Assassinat de Kennedy : « La CIA et le FBI ont caché qu’ils auraient pu sauver JFK »

Assassinat de Kennedy : « La CIA et le FBI ont caché qu’ils auraient pu sauver JFK »

INTERVIEW Le journaliste américain Philip Shenon, auteur d’« Anatomie d’un assassinat, l’Histoire secrète de la mort de JFK », revient sur les zones d’ombre qui entourent toujours le drame 60 ans après, notamment sur ce que savait la CIA sur Lee Harvey Oswald

Propos recueillis par Philippe Berry

Publié le 22/11/23 à 07h27 — Mis à jour le 22/11/23 à 12h41

Le président américain John F. Kennedy et son épouse Jackie, assis derrière le gouverneur du Texas John Connally, une minute avant le drame de Dallas, le 22 novembre 1963. — Jim Altgens/AP/SIPA

  • Ce mercredi marque le 60e anniversaire de l’assassinat du président américain John F. Kennedy.
  • Malgré les conclusions officielles et la déclassification de documents assurant que Lee Harvey Oswald a agi seul, les théories sur l’existence d’un complot persistent.
  • Selon le journaliste américain Philip Shenon, le voyage d’Oswald à Mexico, quelques semaines avant l’assassinat, est l’une des clés du mystère. Entretien.

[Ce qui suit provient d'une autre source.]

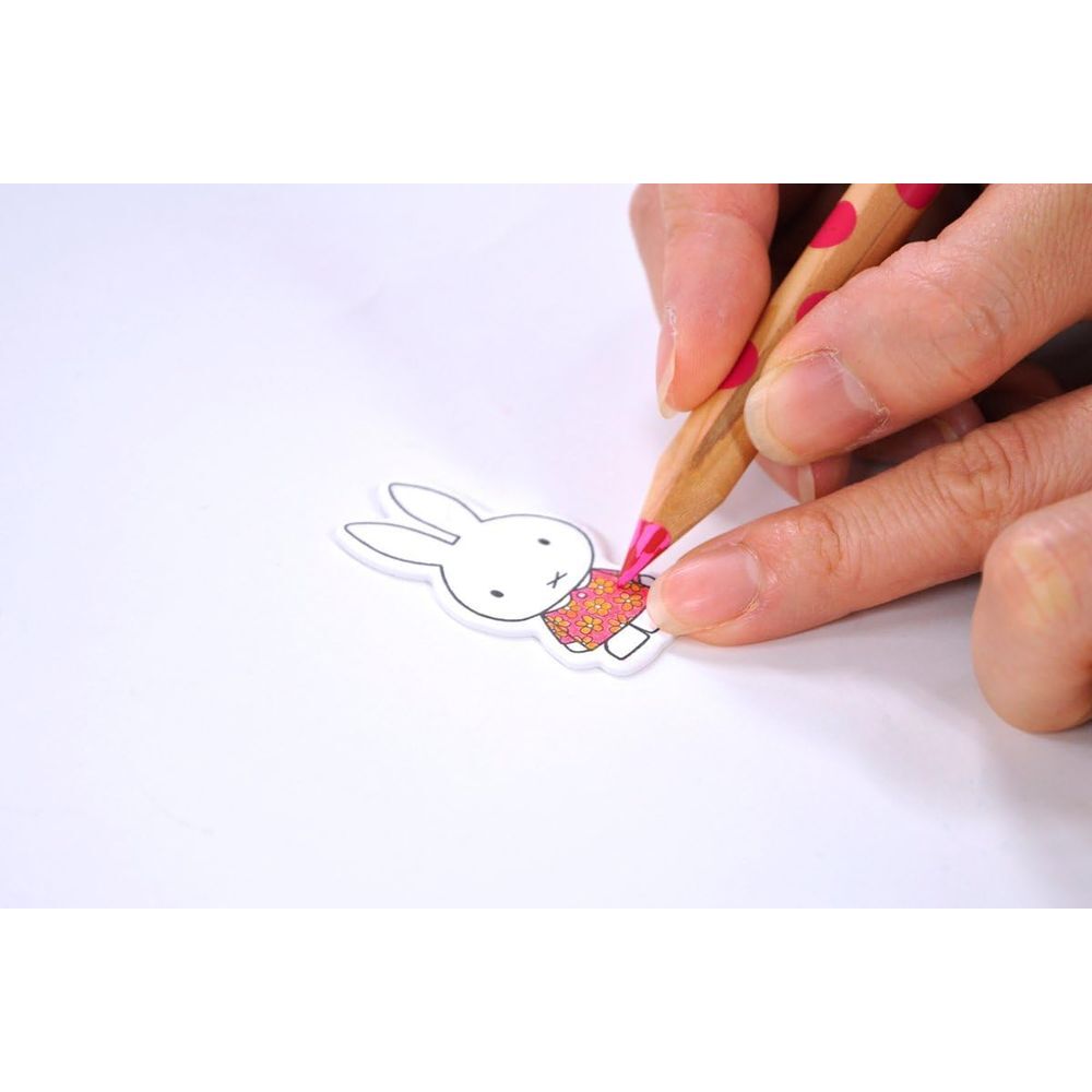●ディック・ブルーナのグラフィックが描かれ、型抜きされた台紙に、色鉛筆などで好きな色をぬって自分だけのブローチを作るセットです。
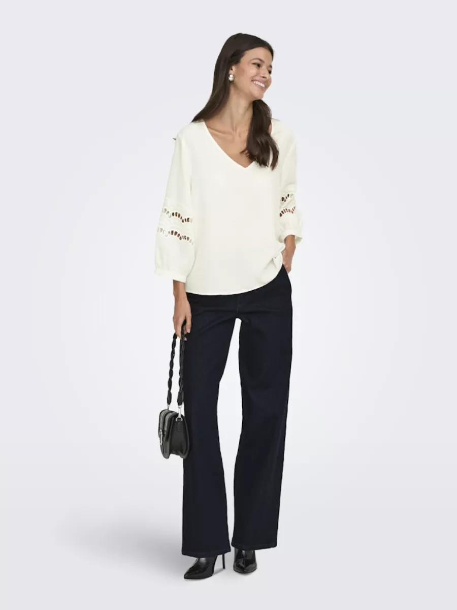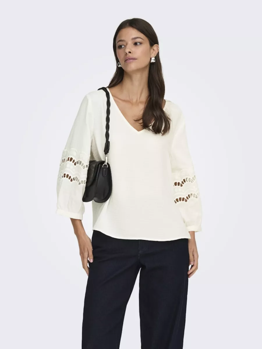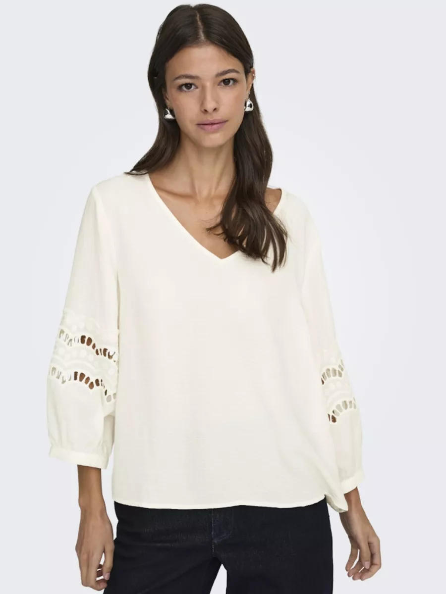 JDY – JDYHANNAH LIFE 3/4 LACE TOP WVN – 15368619 – Cloud Dancer

C’est un jour qui a changé l’Amérique, et même le monde. Le 22 novembre 1963, le président américain John F. Kennedy salue la foule de Dallas depuis sa Lincoln décapotable. A 12h30, sous un grand soleil, un bruit qui ressemble à un pétard retentit. JFK se tient le cou. Le gouverneur du Texas, John Connally, semble également blessé. Quelques secondes plus tard, une autre balle transperce le crâne du président américain. Jackie Kennedy rampe sur le coffre de la Lincoln, un agent du Secret Service la protège avec son corps. A 13h33, la Maison-Blanche annonce que le 35e président des Etats-Unis est décédé trente minutes plus tôt. Le monde est sous le choc : le jeune président américain a été assassiné.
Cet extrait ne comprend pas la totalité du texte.